+++ Information shown +++
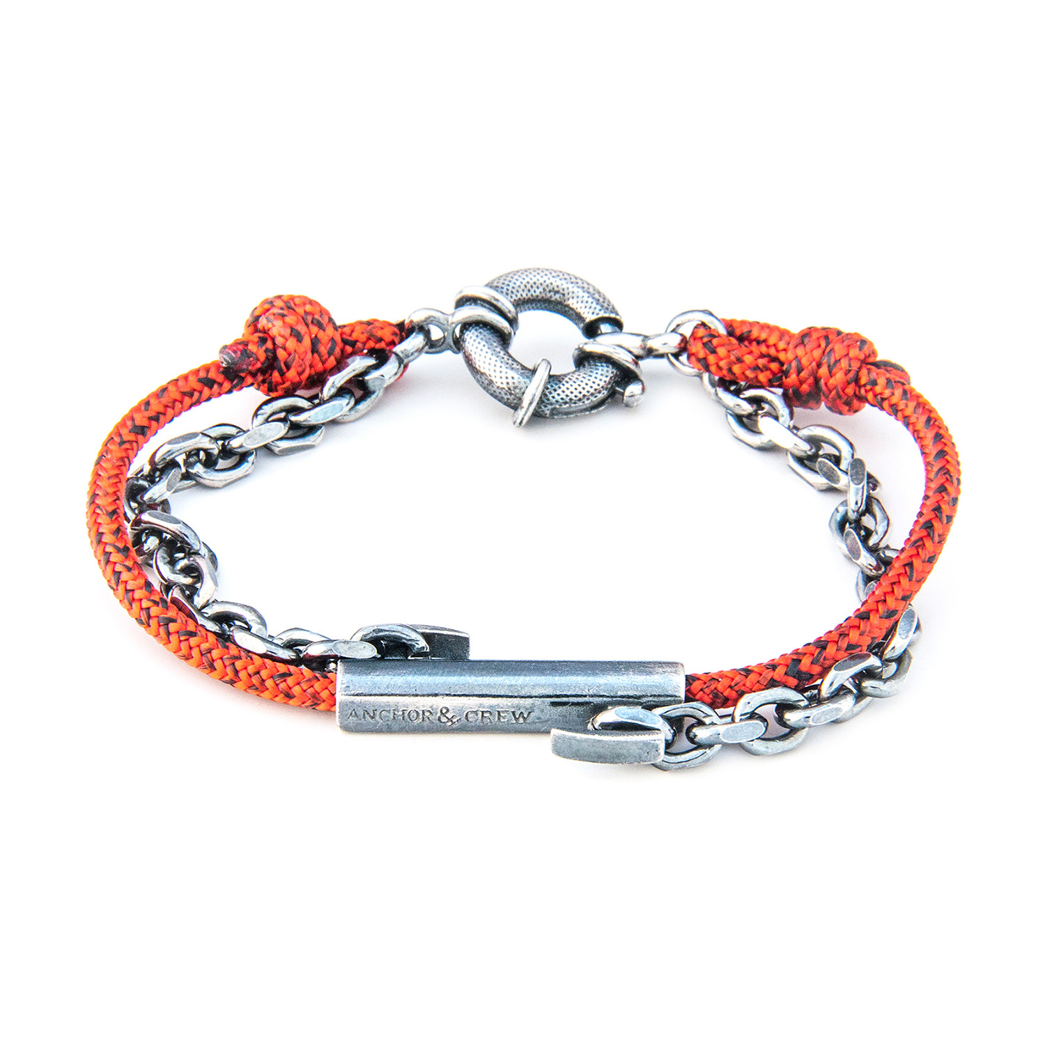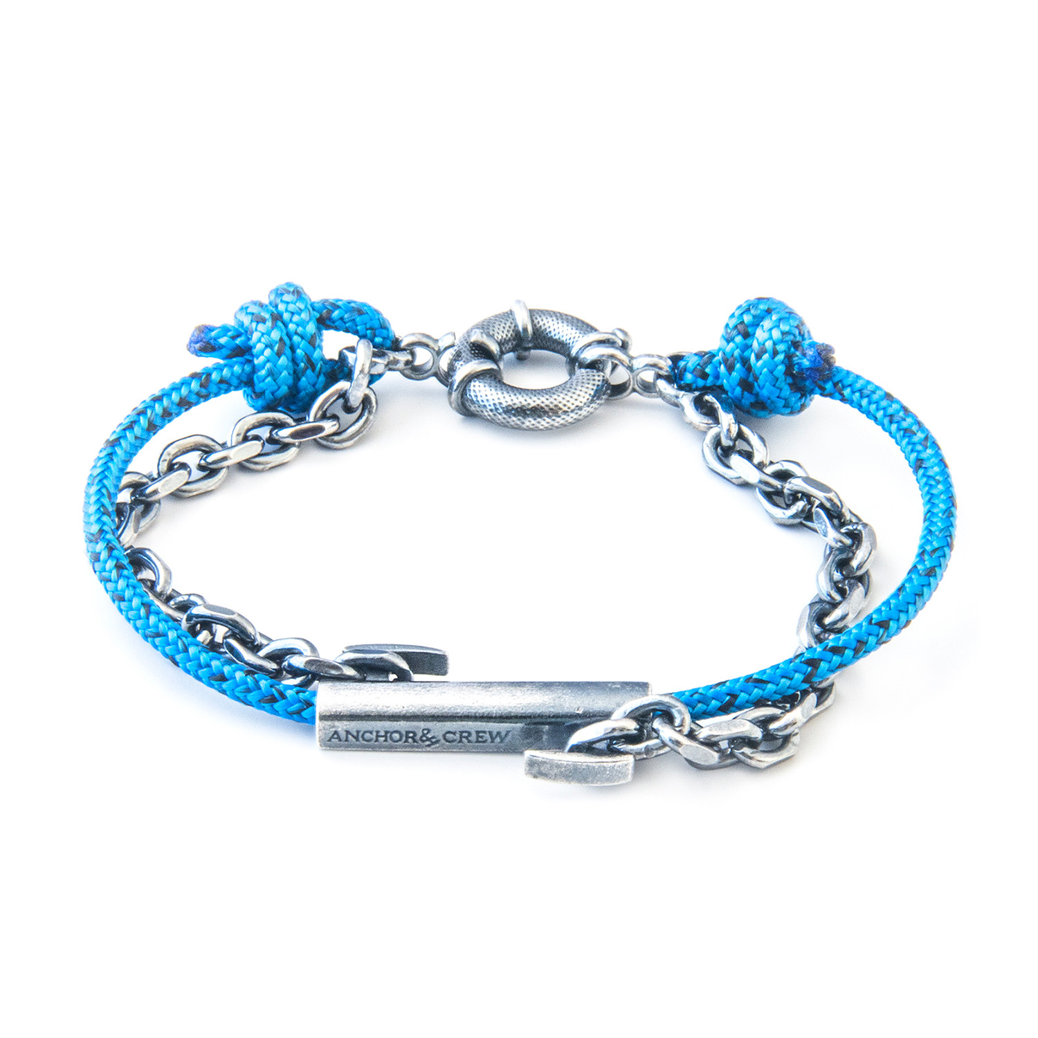 The Belfast Bracelet was both designed and skillfully handcrafted completely in Great Britain. Inspired by mechanical and nautical objects, the Belfast Bracelet features performance grade polyester and nylon rope as well as a secure silver lifeboat clasp, cleat, and naval chain.
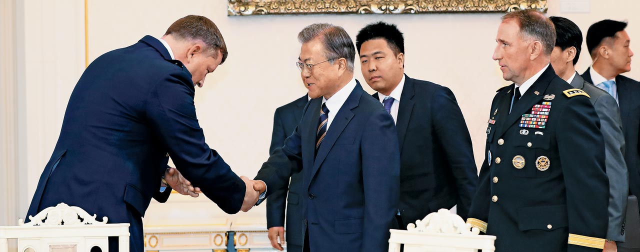 韓国の文在寅(ムン・ジェイン)大統領は21日、国防部(省に相当)の鄭景斗(チョン・ギョンドゥ)長官、ロバート・エイブラムス在韓米軍司令官など韓米両軍の上層部と共に大統領府(青瓦台)で昼食懇談会を開き、最近起こった北朝鮮のミサイル挑発に対し、両国軍が緊密に助け合ったと称賛した。この日の懇談会では、文大統領が北朝鮮のミサイルについて「ダンド」ミサイルと発言し、後になって大統領府が「短距離」ミサイルと訂正するハプニングも起きた。
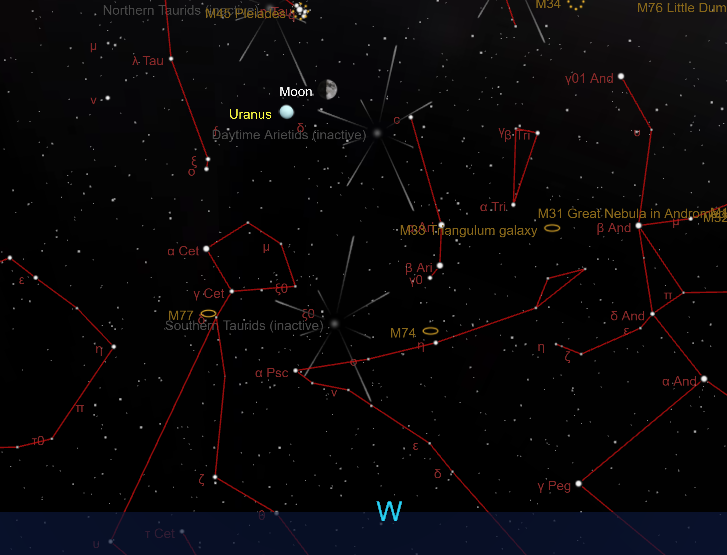 Alle ore 22:10 del 5 Febbraio il pianeta Urano sarà in congiunzione con la Luna in fase di 8 giorni ad un’altezza di +39° ma con una separazione piuttosto larga pari a 4,7°.
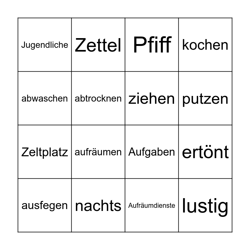 This bingo card has 16 words: nachts, ertönt, Pfiff, Jugendliche, Zeltplatz, Zettel, Aufgaben, Aufräumdienste, abwaschen, abtrocknen, ausfegen, kochen, aufräumen, putzen, ziehen and lustig.
+++
▶ _Problem to solve_
Lines from the one containing "Alle ore 22:10" through the end of the material above must be reproduced exactly; pictures must not be.

▶ _Finished task_
 Alle ore 22:10 del 5 Febbraio il pianeta Urano sarà in congiunzione con la Luna in fase di 8 giorni ad un’altezza di +39° ma con una separazione piuttosto larga pari a 4,7°.
 This bingo card has 16 words: nachts, ertönt, Pfiff, Jugendliche, Zeltplatz, Zettel, Aufgaben, Aufräumdienste, abwaschen, abtrocknen, ausfegen, kochen, aufräumen, putzen, ziehen and lustig.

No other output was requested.